Attila Grandpierre (; born 4 July 1951) is a Hungarian musician, astrophysicist, physicist, self-taught historian, writer and poet. He is best known as leader/vocalist of the Galloping Coroners () rock band.

Personal ideology 
From his childhood on he was very interested in dealing with the Sun and the cosmos. As an adult he is looking for the answer whether the Universe does have a physical, biological or psychological nature.

Life

Ancestry 
Grandpierre's family name comes from French Huguenot ancestors, according to family tradition, with some French bishops, of whom one, Louis Grandpierre, was a Swiss politician and president of the Swiss Appeal Court, and another, Károly Grandpierre, a writer and consultant of Lajos Kossuth, settled in Hungary.

Young years, family 
Grandpierre was born in Hungary under the Soviet regime on 4 July 1951 in Budapest.
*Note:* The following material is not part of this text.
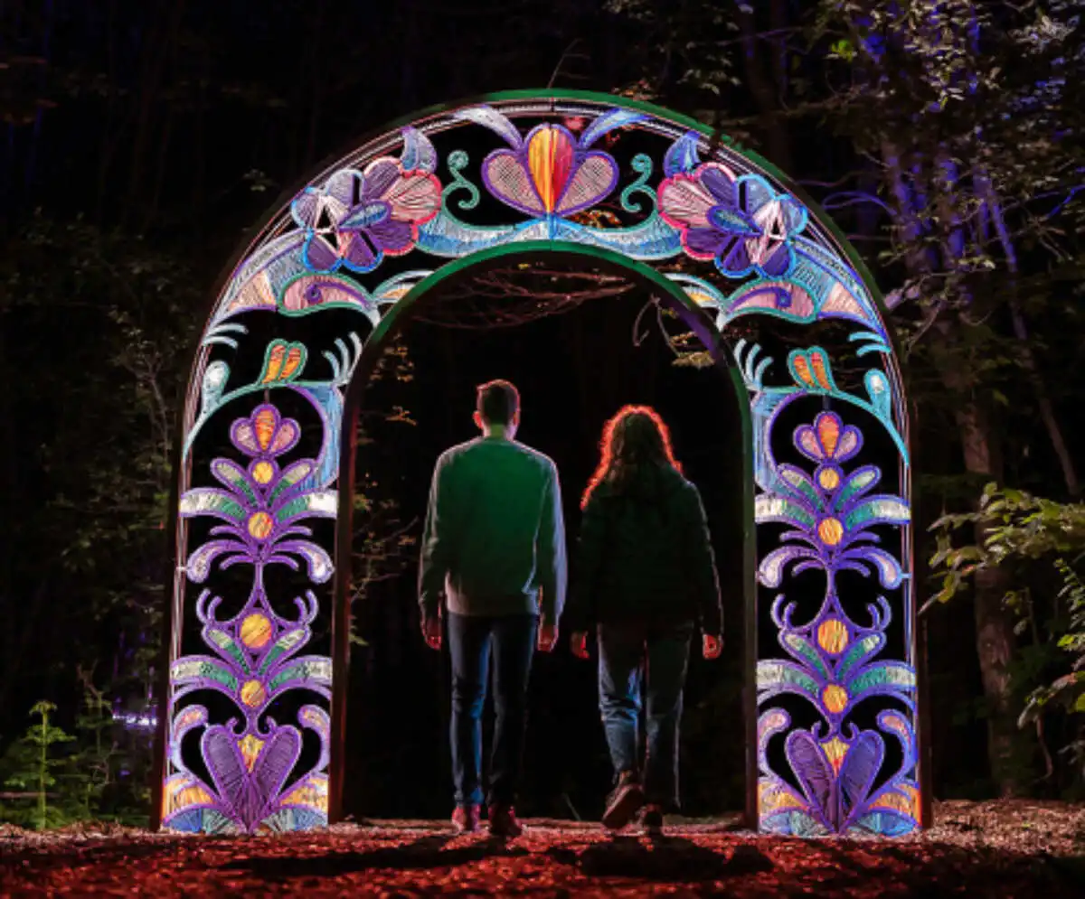 Dès la nuit tombée, Onhwa’ Lumina vous invite à parcourir un sentier enchanté de 1,2 km, illuminé par la magie de la lumière, du son et des projections immersives.

His father, Endre Grandpierre K. was a writer and historian. His father's studies on history greatly influenced the small Attila. He was five years old when he stated that he wanted to become an astronomer, dealing with the Sun, and seven years old when he stated that he wanted to become a singer. He graduated at ELTE as a physicist-astronomer in 1974, and got his Ph.D. in 1977.

Physicist career
He studied theoretical biology focused on Ervin Bauer's works. In 2009 his subject field of interest concerned the relation between astronomy and civilization. During 1995-1998 he worked with Professor Ervin László studying the physics of collective consciousness and the quantum-vacuum interactions. In 2011 he was an invited professor on Computational Biology at the Chapman University, California for six months.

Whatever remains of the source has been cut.